Raw data →
^^^^
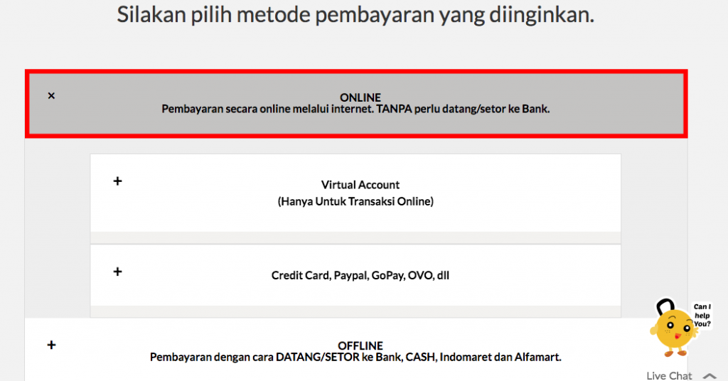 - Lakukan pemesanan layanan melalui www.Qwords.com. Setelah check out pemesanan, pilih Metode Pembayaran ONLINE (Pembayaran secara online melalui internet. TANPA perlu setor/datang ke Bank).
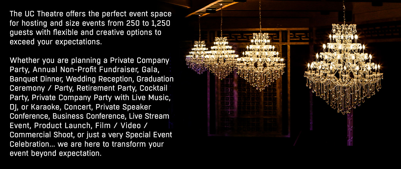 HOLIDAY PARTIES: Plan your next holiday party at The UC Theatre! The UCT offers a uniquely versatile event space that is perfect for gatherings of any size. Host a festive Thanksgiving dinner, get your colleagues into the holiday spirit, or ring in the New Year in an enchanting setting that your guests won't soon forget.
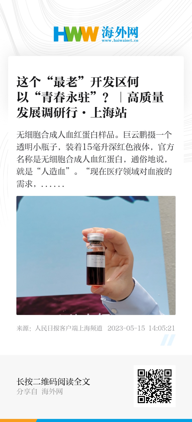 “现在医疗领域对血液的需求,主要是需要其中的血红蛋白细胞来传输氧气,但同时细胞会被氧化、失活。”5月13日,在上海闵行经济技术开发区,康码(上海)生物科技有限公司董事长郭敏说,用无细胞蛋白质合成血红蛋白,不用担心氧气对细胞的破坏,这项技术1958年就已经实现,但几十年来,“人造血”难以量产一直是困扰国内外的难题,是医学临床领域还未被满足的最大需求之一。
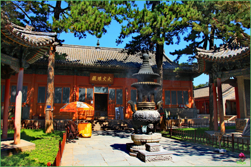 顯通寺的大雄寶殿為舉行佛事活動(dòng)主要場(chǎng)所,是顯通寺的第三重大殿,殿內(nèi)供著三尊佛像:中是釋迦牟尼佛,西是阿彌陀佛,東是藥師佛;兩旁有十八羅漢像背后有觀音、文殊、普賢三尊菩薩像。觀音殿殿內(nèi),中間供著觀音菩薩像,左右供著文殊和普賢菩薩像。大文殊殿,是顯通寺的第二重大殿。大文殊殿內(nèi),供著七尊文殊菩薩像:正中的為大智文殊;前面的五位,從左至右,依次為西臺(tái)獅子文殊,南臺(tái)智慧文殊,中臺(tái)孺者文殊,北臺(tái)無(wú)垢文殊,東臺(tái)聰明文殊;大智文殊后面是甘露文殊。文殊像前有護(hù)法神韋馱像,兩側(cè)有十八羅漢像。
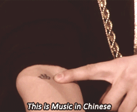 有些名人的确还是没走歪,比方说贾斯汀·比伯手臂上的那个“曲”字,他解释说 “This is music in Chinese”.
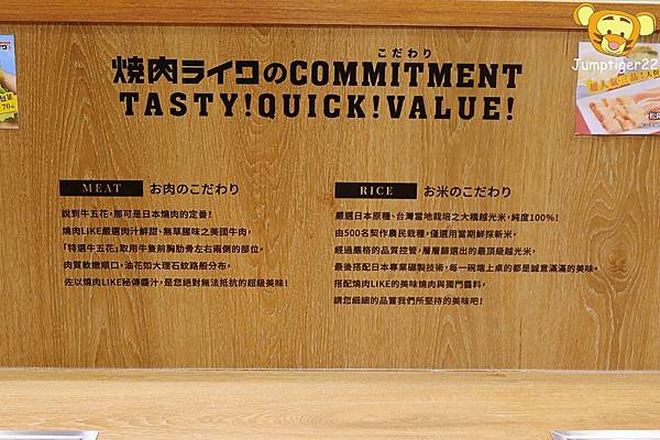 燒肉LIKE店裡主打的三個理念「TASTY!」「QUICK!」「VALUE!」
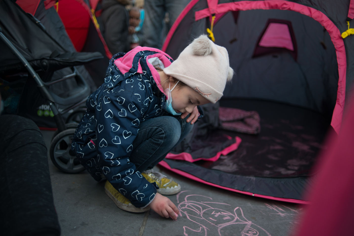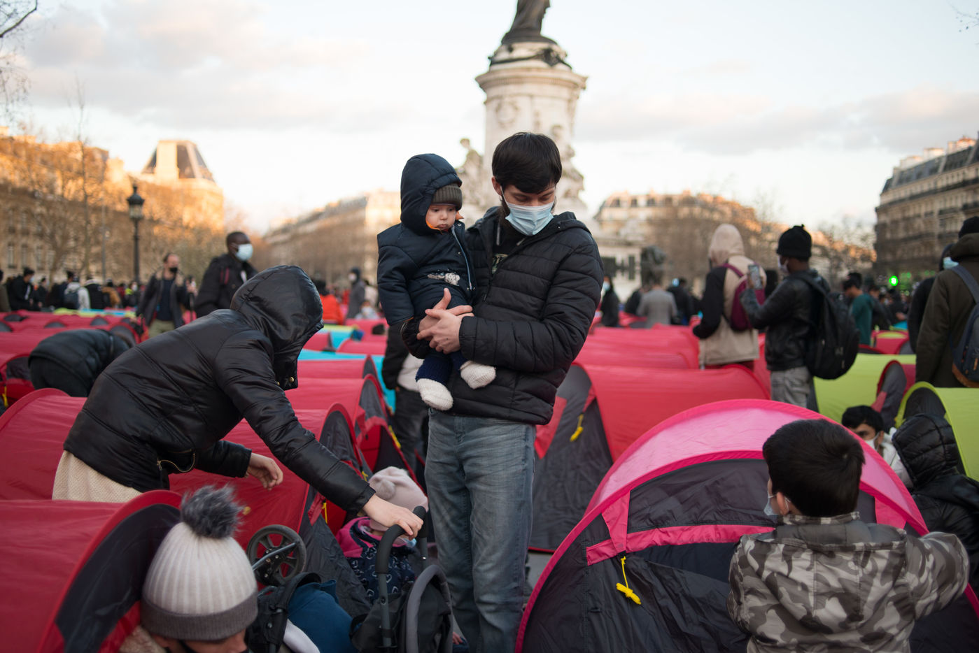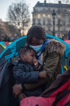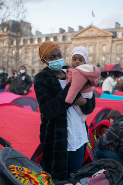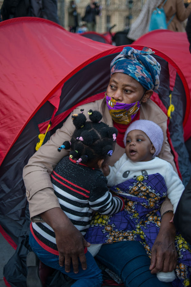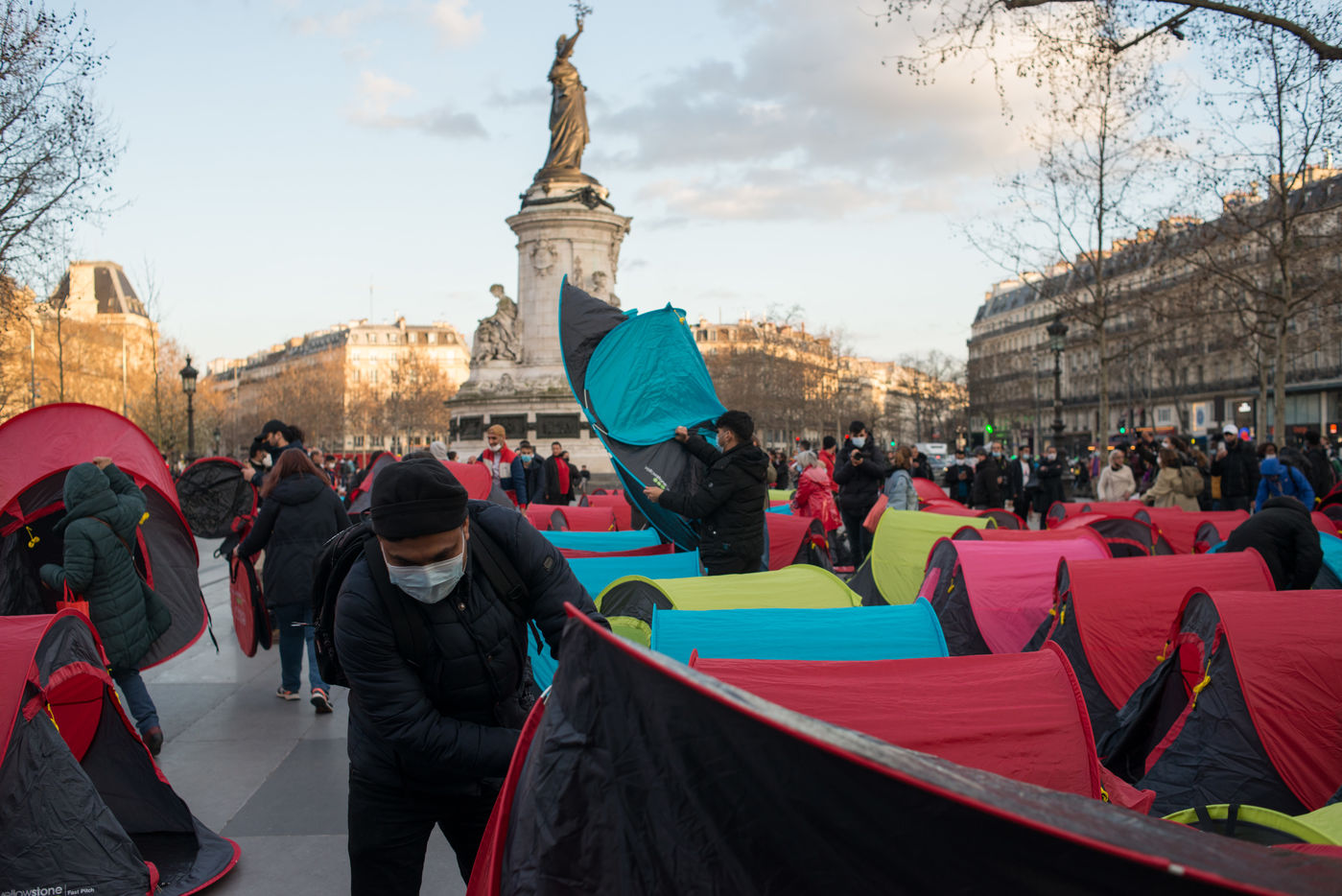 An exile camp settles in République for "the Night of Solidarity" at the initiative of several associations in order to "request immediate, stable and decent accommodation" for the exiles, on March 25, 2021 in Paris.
^^^^
Task requirements →
Minus its pictures, the full listing should be copied verbatim.

Answer →
 - Lakukan pemesanan layanan melalui www.Qwords.com. Setelah check out pemesanan, pilih Metode Pembayaran ONLINE (Pembayaran secara online melalui internet. TANPA perlu setor/datang ke Bank).
 HOLIDAY PARTIES: Plan your next holiday party at The UC Theatre! The UCT offers a uniquely versatile event space that is perfect for gatherings of any size. Host a festive Thanksgiving dinner, get your colleagues into the holiday spirit, or ring in the New Year in an enchanting setting that your guests won't soon forget.
 “现在医疗领域对血液的需求,主要是需要其中的血红蛋白细胞来传输氧气,但同时细胞会被氧化、失活。”5月13日,在上海闵行经济技术开发区,康码(上海)生物科技有限公司董事长郭敏说,用无细胞蛋白质合成血红蛋白,不用担心氧气对细胞的破坏,这项技术1958年就已经实现,但几十年来,“人造血”难以量产一直是困扰国内外的难题,是医学临床领域还未被满足的最大需求之一。
 顯通寺的大雄寶殿為舉行佛事活動(dòng)主要場(chǎng)所,是顯通寺的第三重大殿,殿內(nèi)供著三尊佛像:中是釋迦牟尼佛,西是阿彌陀佛,東是藥師佛;兩旁有十八羅漢像背后有觀音、文殊、普賢三尊菩薩像。觀音殿殿內(nèi),中間供著觀音菩薩像,左右供著文殊和普賢菩薩像。大文殊殿,是顯通寺的第二重大殿。大文殊殿內(nèi),供著七尊文殊菩薩像:正中的為大智文殊;前面的五位,從左至右,依次為西臺(tái)獅子文殊,南臺(tái)智慧文殊,中臺(tái)孺者文殊,北臺(tái)無(wú)垢文殊,東臺(tái)聰明文殊;大智文殊后面是甘露文殊。文殊像前有護(hù)法神韋馱像,兩側(cè)有十八羅漢像。
 有些名人的确还是没走歪,比方说贾斯汀·比伯手臂上的那个“曲”字,他解释说 “This is music in Chinese”.
 燒肉LIKE店裡主打的三個理念「TASTY!」「QUICK!」「VALUE!」
 An exile camp settles in République for "the Night of Solidarity" at the initiative of several associations in order to "request immediate, stable and decent accommodation" for the exiles, on March 25, 2021 in Paris.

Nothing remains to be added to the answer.